WHAT YOU SHOULD DO: Print the listing below verbatim, passing over each picture.

DATA IN THIS EXERCISE:
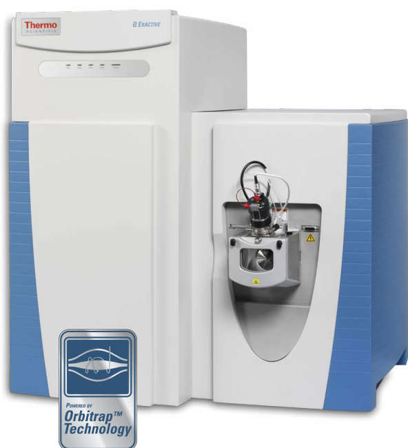
Thermo Scientific Q Exactive MS system.

The Q Exactive benchtop LC-MS/MS combines high-performance quadrupole precursor selection with high-resolution, accurate-mass (HR/AM) Orbitrap detection to deliver high performance and tremendous versatility.
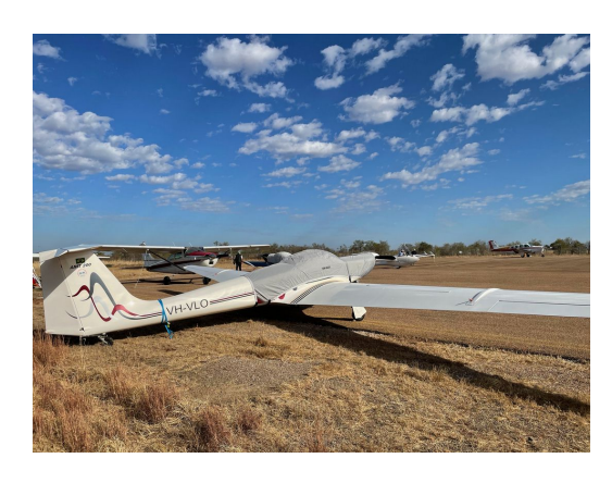
Ximango AMT Light Weight Travel Canopy/Engine Cover
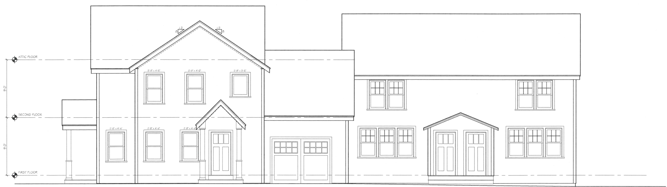
RIGHT SIDE ELEVATION 1/4" = 1'-0"
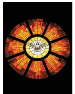
The Spirit of Recovery
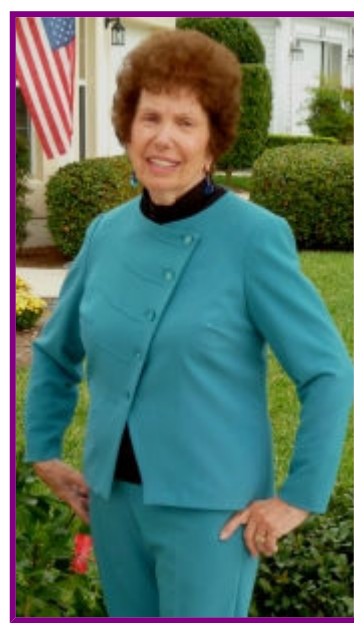
Tab Front Jacket

Every time Livingsoft releases a seasonal pattern collection, support is added for some new style or fashion trend that has proven popular that season. These new patterns often provide the basis for major new design enhancements that get incorporated into all patterns in the Dress Shop catalog. At least one of the new patterns developed for The Winter 2011 Collection has already made that leap - with this jacket. If you look under "Outerwear - Coats and Jackets", you should see the new "Cape" category items with the usual variety of collars, necklines, and collar options. Be sure to check the "Options - Shaping and Finish" dialog for armhole and finishing options.
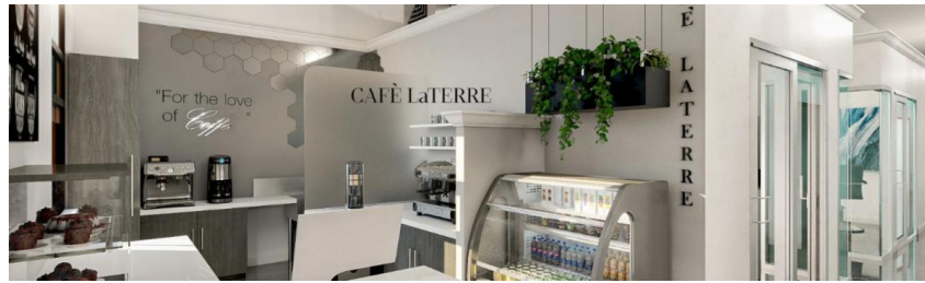
The Saturday Ride coffee stop
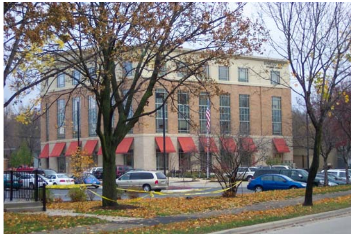
Example of Mid-Rise Office Structure – United Way, Atwood Avenue
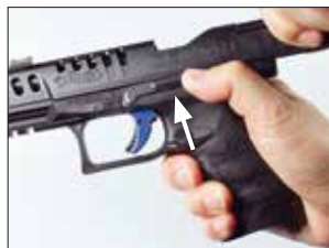
4.5 Fig. 3
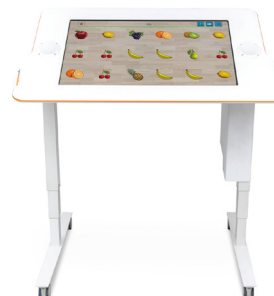
3. Extended and tilted eg. standing
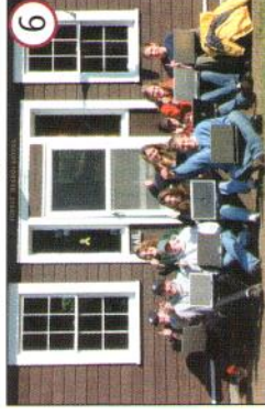
Cranberry Lake Biological Station

On the shore of the Oswegatchie River in the Adirondacks, SUNY-ESF's Ranger School offers the nation's oldest forest technology program.
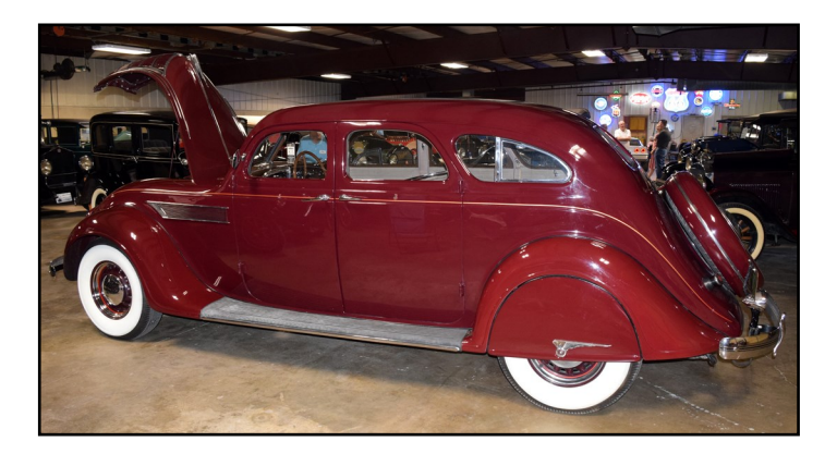
The Nolan's beautiful Full Classic 1935 Imperial C2
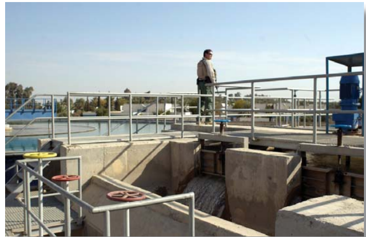
Sharq Diyla Water Treatment Plant

Reconstruction in Iraq is often conducted in perilous conditions and installations such as oil pipelines or power transmission lines unfortunately are exposed to attacks. Iraq's dependence on oil revenues for its development illustrates the importance of protecting critical infrastructure installations. Over 75% of Iraq's national budget in 2007 is projected to derive from oil revenue. Protecting Iraq's linear energy infrastructure and critical nodes to include generation units, transmis-
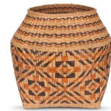
Title: Basket Date: c. 1941 Primary Maker: Nancy Bradley Medium: River cane and blood root and black walnut pigments
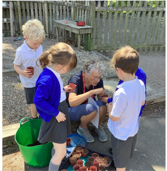
Panda's have been busy planting sunflower seeds, searching for dinosaur clues and enjoying the new role play stage.
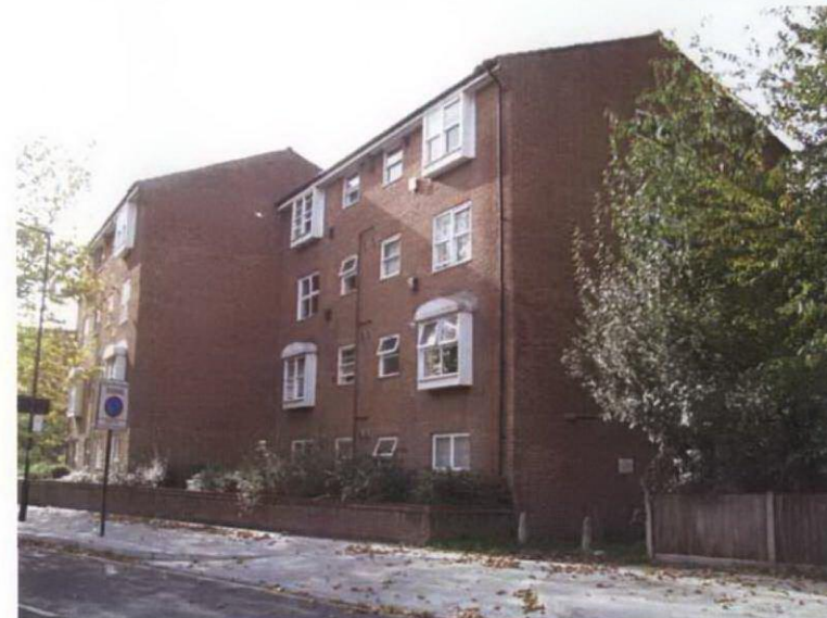
SIDE ELEVATION, CAMLEY STREET
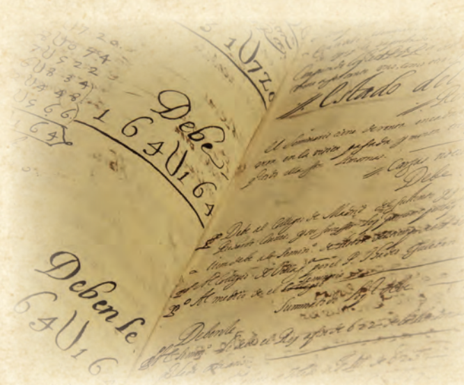
Account book of the Irish College, Salamanca 1772

In the archive one can find material as varied as: students' oaths, rectors' private papers, administrative & private accounts, leases of property owned by the Irish colleges, rents & royalties, mortgages, title deeds, receipts, books of income & daily expenses, correspondence, petitions, royal bulls & briefs, proclamations & decrees, execution of wills, annuities and college photographs.
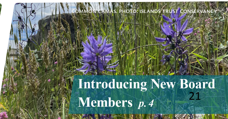
COMMON CAMAS.

THE ANSWER:
Thermo Scientific Q Exactive MS system.

The Q Exactive benchtop LC-MS/MS combines high-performance quadrupole precursor selection with high-resolution, accurate-mass (HR/AM) Orbitrap detection to deliver high performance and tremendous versatility.
Ximango AMT Light Weight Travel Canopy/Engine Cover
RIGHT SIDE ELEVATION 1/4" = 1'-0"
The Spirit of Recovery
Tab Front Jacket

Every time Livingsoft releases a seasonal pattern collection, support is added for some new style or fashion trend that has proven popular that season. These new patterns often provide the basis for major new design enhancements that get incorporated into all patterns in the Dress Shop catalog. At least one of the new patterns developed for The Winter 2011 Collection has already made that leap - with this jacket. If you look under "Outerwear - Coats and Jackets", you should see the new "Cape" category items with the usual variety of collars, necklines, and collar options. Be sure to check the "Options - Shaping and Finish" dialog for armhole and finishing options.
The Saturday Ride coffee stop
Example of Mid-Rise Office Structure – United Way, Atwood Avenue
4.5 Fig. 3
3. Extended and tilted eg. standing
Cranberry Lake Biological Station

On the shore of the Oswegatchie River in the Adirondacks, SUNY-ESF's Ranger School offers the nation's oldest forest technology program.
The Nolan's beautiful Full Classic 1935 Imperial C2
Sharq Diyla Water Treatment Plant

Reconstruction in Iraq is often conducted in perilous conditions and installations such as oil pipelines or power transmission lines unfortunately are exposed to attacks. Iraq's dependence on oil revenues for its development illustrates the importance of protecting critical infrastructure installations. Over 75% of Iraq's national budget in 2007 is projected to derive from oil revenue. Protecting Iraq's linear energy infrastructure and critical nodes to include generation units, transmis-
Title: Basket Date: c. 1941 Primary Maker: Nancy Bradley Medium: River cane and blood root and black walnut pigments
Panda's have been busy planting sunflower seeds, searching for dinosaur clues and enjoying the new role play stage.
SIDE ELEVATION, CAMLEY STREET
Account book of the Irish College, Salamanca 1772

In the archive one can find material as varied as: students' oaths, rectors' private papers, administrative & private accounts, leases of property owned by the Irish colleges, rents & royalties, mortgages, title deeds, receipts, books of income & daily expenses, correspondence, petitions, royal bulls & briefs, proclamations & decrees, execution of wills, annuities and college photographs.
COMMON CAMAS.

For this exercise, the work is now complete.